NEET MDS Lessons
Physiology
The nephron of the kidney is involved in the regulation of water and soluble substances in blood.
A Nephron
A nephron is the basic structural and functional unit of the kidneys that regulates water and soluble substances in the blood by filtering the blood, reabsorbing what is needed, and excreting the rest as urine.
Its function is vital for homeostasis of blood volume, blood pressure, and plasma osmolarity.
It is regulated by the neuroendocrine system by hormones such as antidiuretic hormone, aldosterone, and parathyroid hormone.
The Glomerulus
The glomerulus is a capillary tuft that receives its blood supply from an afferent arteriole of the renal circulation. Here, fluid and solutes are filtered out of the blood and into the space made by Bowman's capsule.
A group of specialized cells known as juxtaglomerular apparatus (JGA) are located around the afferent arteriole where it enters the renal corpuscle. The JGA secretes an enzyme called renin, due to a variety of stimuli, and it is involved in the process of blood volume homeostasis.

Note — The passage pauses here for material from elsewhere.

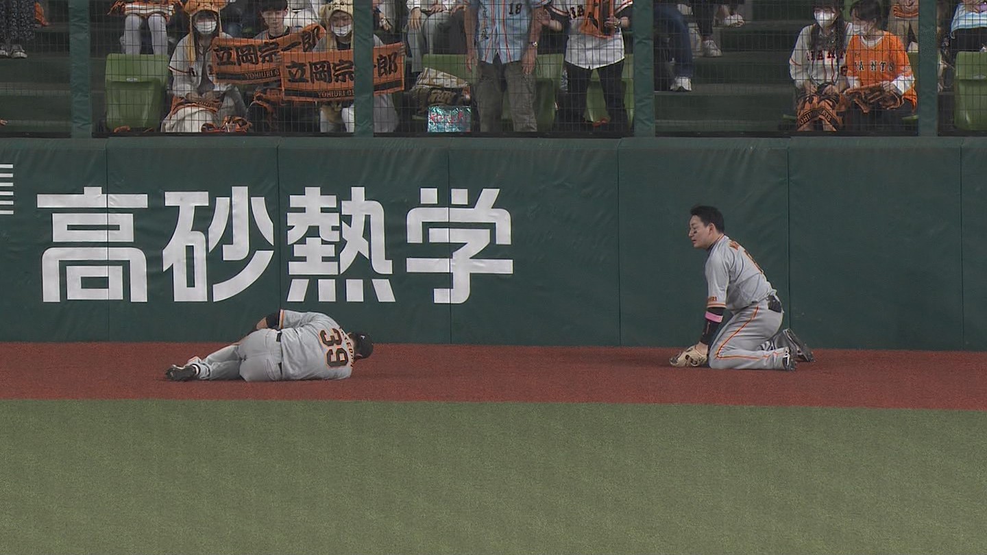 九回の守備、外崎選手のフライを追いかけた中堅 #丸佳浩 選手と右翼 #立岡宗一郎 選手が交錯。丸選手がフライをキャッチしたが、立岡選手が立ち上がれず、担架で退場。左脚を抑えて悶絶#巨人 #giants #ジャイアンツ

The Bowman's capsule surrounds the glomerulus. It is composed of visceral (simple squamous epithelial cells; inner) and parietal (simple squamous epithelial cells; outer) layers.
Red blood cells and large proteins, such as serum albumins, cannot pass through the glomerulus under normal circumstances. However, in some injuries they may be able to pass through and can cause blood and protein content to enter the urine, which is a sign of problems in the kidney.
Proximal Convoluted Tubule
The proximal tubule is the first site of water reabsorption into the bloodstream, and the site where the majority of water and salt reabsorption takes place. Water reabsorption in the proximal convoluted tubule occurs due to both passive diffusion across the basolateral membrane, and active transport from Na+/K+/ATPase pumps that actively transports sodium across the basolateral membrane.
Water and glucose follow sodium through the basolateral membrane via an osmotic gradient, in a process called co-transport. Approximately 2/3rds of water in the nephron and 100% of the glucose in the nephron are reabsorbed by cotransport in the proximal convoluted tubule.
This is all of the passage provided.